**Activity**
Leave the pictures out and print, word for word, the lines below from the one with "下屋根のエアコン室外機の架台の下や足場の柱の足元を浮かせてのシーラー塗装。" through the final line.

**Data extract**
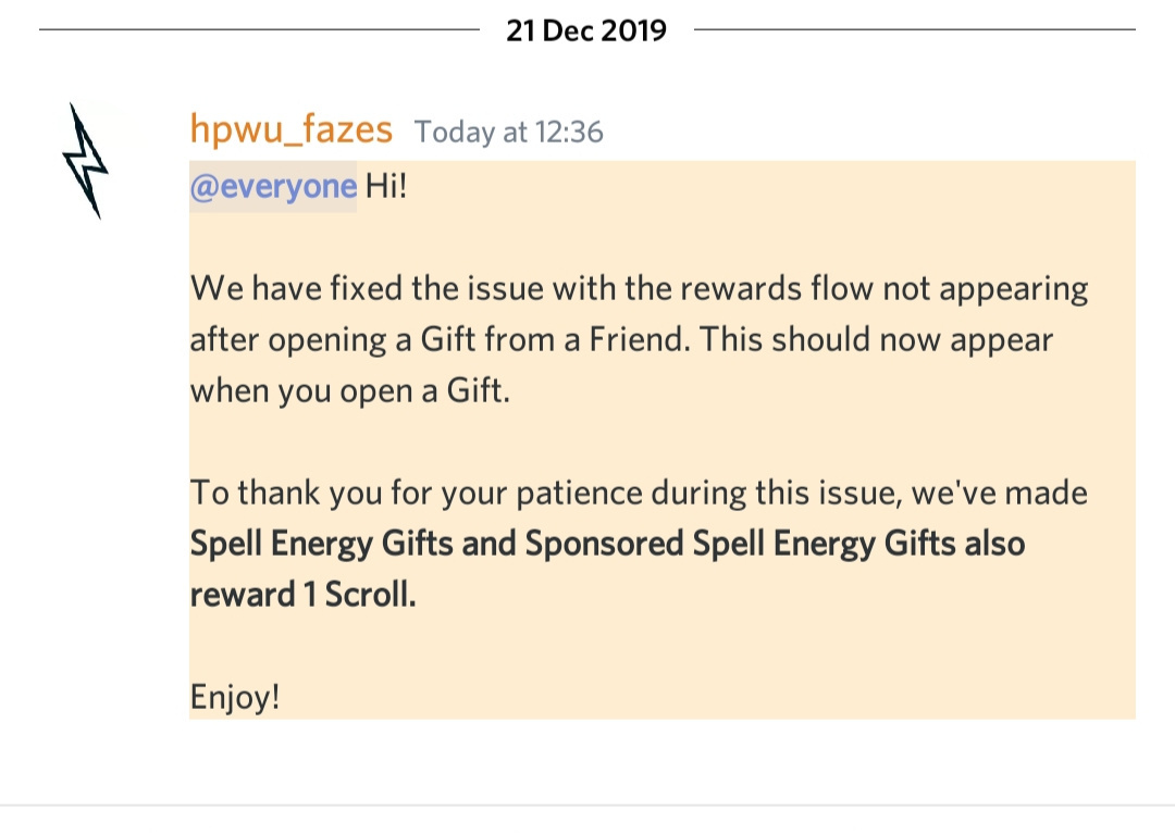 Oh and @kiheikid what I was asking is when the gifting in general will be ending. It started in November before Thanksgiving and I thought I had read it was for the Christmas season. So if that is true would gifting in general end on January 7, 2020? I know they said that the gifts would be ours forever so we will have the ability to open them at some point. Which since we have the ability to send 100 a day but only open 10 it created a bit of a bottleneck so it would take me like two weeks to get all my gifts opened. 🎁 Honestly I seriously hope that gifting never goes away as of course the gifts are nice and have really helped me as I really need more runes and that has and will remain my priority but what I love the most is the postcards from the POI’s across the world. That is so magical everyday to get to open. Lastly, gifting brought another level of player engagement to the game so I am so appreciative! I know it has been a bit of a nightmare for the HPWU team but hopefully the gifting will remain a permanent thing for us.
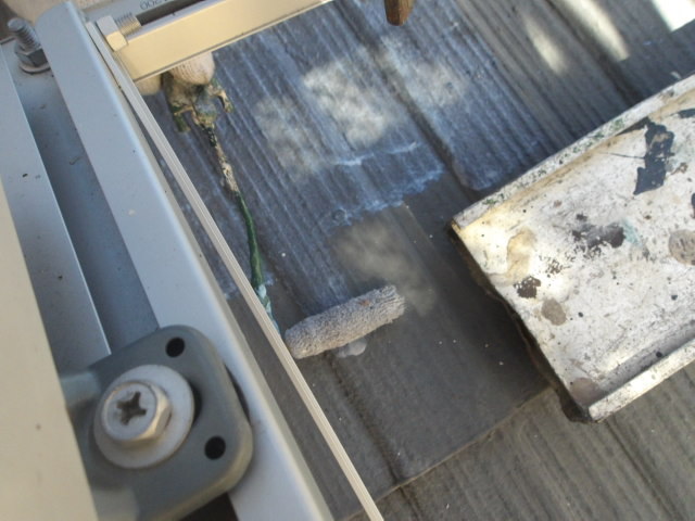 下屋根のエアコン室外機の架台の下や足場の柱の足元を浮かせてのシーラー塗装。
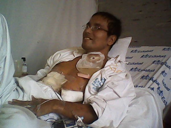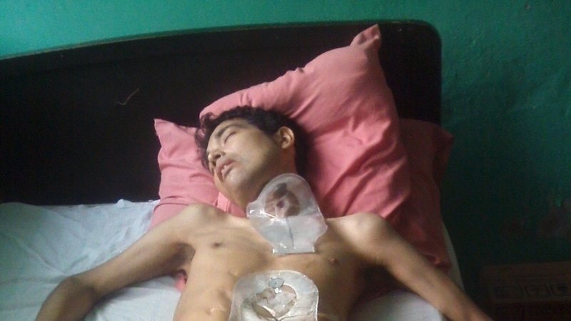 Habiendo perdido el estómago, el bazo, gran parte del hígado, con el esófago cortado y una fístula abdominal, además de desnutrición calórica (pérdida de más de 30 kilos de peso), es portador de una yeyunostomía, por la cual se le alimenta con Osmolite con una sonda. Esta condición delicada lo expone constantemente a infecciones y complicaciones que ponen en riesgo su vida.
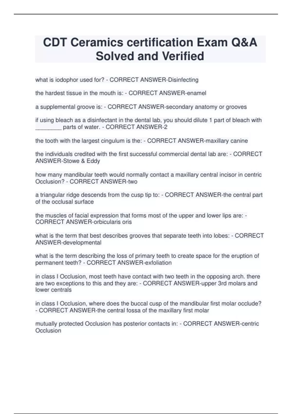 CDT Ceramics certification Exam Q&A Solved and Verified

**Answer to the exercise**
 下屋根のエアコン室外機の架台の下や足場の柱の足元を浮かせてのシーラー塗装。
 Habiendo perdido el estómago, el bazo, gran parte del hígado, con el esófago cortado y una fístula abdominal, además de desnutrición calórica (pérdida de más de 30 kilos de peso), es portador de una yeyunostomía, por la cual se le alimenta con Osmolite con una sonda. Esta condición delicada lo expone constantemente a infecciones y complicaciones que ponen en riesgo su vida.
 CDT Ceramics certification Exam Q&A Solved and Verified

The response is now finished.